SUMMARY: NESTED | FIELD | CONSTR | METHOD

DETAIL: FIELD | CONSTR | METHOD

oracle.hadoop.loader.examples
Class CSVInputFormat

java.lang.Object org.apache.hadoop.mapreduce.InputFormat<java.lang.Object,org.apache.avro.generic.IndexedRecord> oracle.hadoop.loader.examples.CSVInputFormat

public class CSVInputFormat

extends org.apache.hadoop.mapreduce.InputFormat<java.lang.Object,org.apache.avro.generic.IndexedRecord>

This is a simple InputFormat example for CSV files. It uses TextInputFormat to break the input file(s) into lines, then breaks each line into fields using a comma (,) separator, and places the fields into an Avro IndexedRecord.

CSVInputFormat uses the following simple Avro schema:

 {
    "type" : "record",
    "name" : "All_string_schema", 
    "fields" : [
        {"name" : "F0", "type" : "string"},
        {"name" : "F1", "type" : "string"}, 
        ...]
 }

Note that:

the schema is of type record;
all fields are of type string;
and
field names are F0, F1, F2, etc. A field "Fi" will be loaded only if:
- the loaderMap file specifies a COLUMN element with the attribute: field="Fi"
  or
- the target table has a column named Fi (and the 'oracle.hadoop.loader.targetTable' property was used in lieu of a loaderMap file).

CSVInputFormat cannot extend TextInputFormat, since TextInputFormat.createRecordReader() returns RecordReader <LongWritable,Text>, while createRecordReader(org.apache.hadoop.mapreduce.InputSplit, org.apache.hadoop.mapreduce.TaskAttemptContext) has to return RecordReader <Object,IndexedRecord>.

The Object key is used only when there is an error processing the corresponding IndexedRecord value. The key's toString() method is used to generate a printable message helping you identify the culprit record.
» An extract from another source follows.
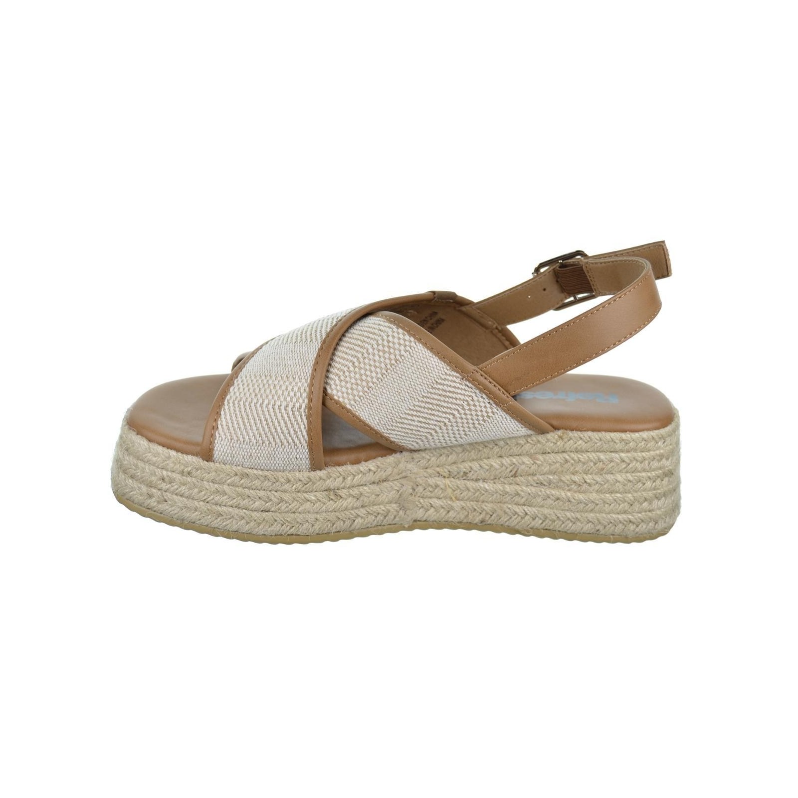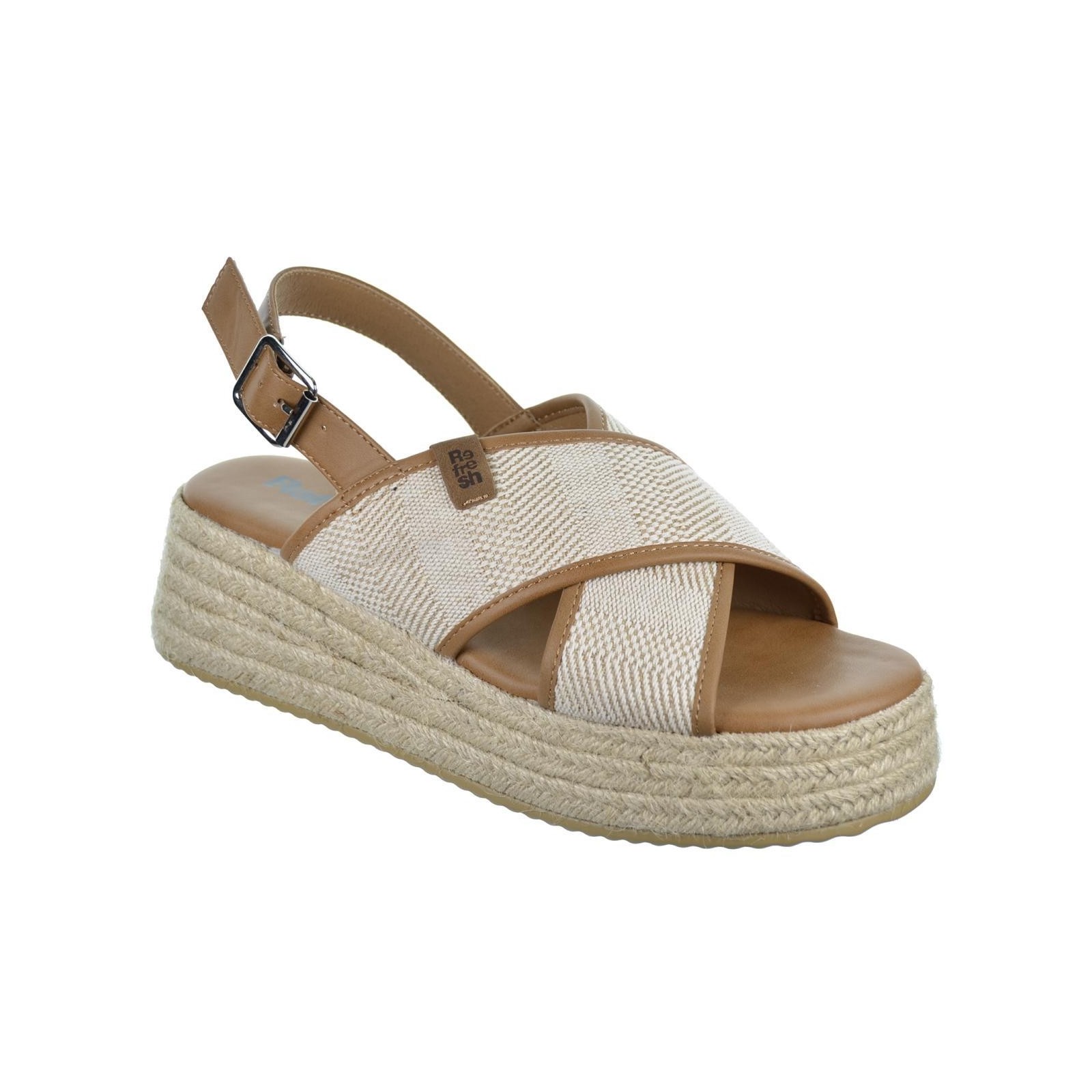 Refresh 171756 Sandalia Fabricada en textil y material que imita la piel. Cierre mediante hebilla. Cómoda planta acolchada. Plataforma de 5cm forrada en yute trenzado y suela antideslizante. Este modelo ha obtenido el certificado vegano por la organización mundial PETA (Organización de los derechos de los animales).

If the key is null, then no information identifying the record will be printed if the record fails.

You can use the key to print:

data file URI,
InputSplit information,
data file and the record's offset in that file,
textual representation of the actual record (not advisable if data contains sensitive information, as it may be printed in Hadoop logs throughout the cluster).
etc.

Nested Class Summary
`static class`	`CSVInputFormat.CSVRecordReader` The record reader parses the input data into key/value pairs which are read by `OraLoaderMapper`.

Constructor Summary
`CSVInputFormat()`

Method Summary
`org.apache.hadoop.mapreduce.RecordReader<java.lang.Object,org.apache.avro.generic.IndexedRecord>`	`createRecordReader(org.apache.hadoop.mapreduce.InputSplit split, org.apache.hadoop.mapreduce.TaskAttemptContext context)` Create a record reader for a given split.
`static org.apache.avro.Schema`	`generateSimpleAllStringSchema(int numFields)` Generate an Avro Record schema for the CSV input record.
`java.util.List<org.apache.hadoop.mapreduce.InputSplit>`	`getSplits(org.apache.hadoop.mapreduce.JobContext context)` Logically split the set of input files for the job.

Methods inherited from class java.lang.Object
`equals, getClass, hashCode, notify, notifyAll, toString, wait, wait, wait`

Constructor Detail

CSVInputFormat

public CSVInputFormat()

Method Detail

getSplits

public java.util.List<org.apache.hadoop.mapreduce.InputSplit> getSplits(org.apache.hadoop.mapreduce.JobContext context)
                                                                 throws java.io.IOException

Logically split the set of input files for the job.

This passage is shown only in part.